Payment of withholding obligations is due before the Company
will issue any shares on exercise or release from forfeiture of
an Award or, if the Company so requires, at the same time as is
payment of the exercise price unless the Company determines
otherwise. Except as the Board may otherwise provide in an
Award, a Participant may satisfy such tax obligations in whole
or in part by delivery (either by actual delivery or
attestation) of shares of Common Stock, including shares
retained from the Award creating the tax obligation, valued at
their Fair Market Value; provided, however, except as otherwise
provided by the Board, that the total tax withholding where
stock is being used to satisfy such tax obligations cannot
exceed the Companys minimum statutory withholding
obligations (based on minimum statutory withholding rates for
federal and state tax purposes, including payroll taxes, that
are applicable to such supplemental taxable income). Shares used
to satisfy tax withholding requirements cannot be subject to any
repurchase, forfeiture, unfulfilled vesting or other similar
requirements.
(f) Amendment of Award. Except as
otherwise provided in Section 5(h) and 6(f) with respect to
repricings, Section 10(i) with respect to Performance
Awards or Section 11(d) with respect to actions requiring
shareholder approval, the Board may amend, modify or terminate
any outstanding Award, including but not limited to,
substituting therefor another Award of the same or a different
type, changing the date of exercise or realization, and
converting an Incentive Stock Option to a Nonstatutory Stock
Option. The Participants consent to such action shall be
required unless (i) the Board determines that the action,
taking into account any related action, would not materially and
adversely affect the Participants rights under the Plan or
(ii) the change is permitted under Section 9 hereof.

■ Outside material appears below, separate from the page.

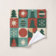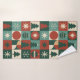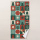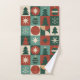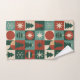 Entspannen Sie in Ihrem Bad mit diesem modernen, roten und grünen Badehandtuch, das Mitte des Jahrhunderts ein festliches Schachmuster mit geometrischen Formen, Kiefern, Schneeflocken und atomaren Sternexplosionen aufweist. Ein trendiges, stilvolles und elegantes Retro-Design, das sich perfekt für die Winter- und Herbstdekoration eignet.

(g) Conditions on Delivery of
Stock. The Company will not be obligated to
deliver any shares of Common Stock pursuant to the Plan or to
remove restrictions from shares previously delivered under the
Plan until (i) all conditions of the Award have been met or
removed to the satisfaction of the Company, (ii) in the
opinion of the Companys counsel, all other legal matters
in connection with the issuance and delivery of such shares have
been satisfied, including any applicable securities laws and any
applicable stock exchange or stock market rules and regulations,
and (iii) the Participant has executed and delivered to the
Company such representations or agreements as the Company may
consider appropriate to satisfy the requirements of any
applicable laws, rules or regulations.
(h) Acceleration. The Board may at
any time provide that any Award shall become immediately
exercisable in full or in part, free of some or all restrictions
or conditions, or otherwise realizable in full or in part, as
the case may be.
(i) Performance Awards.
(1) Grants. Restricted Stock
Awards and Other Stock-Based Awards under the Plan may be made
subject to the achievement of performance goals pursuant to this
Section 10(i) (Performance Awards), subject to
the limit in Section 4(b) on shares covered by such grants.
(2) Committee. Grants of
Performance Awards to any Covered Employee intended to qualify
as performance-based compensation under
Section 162(m) (Performance-Based Compensation)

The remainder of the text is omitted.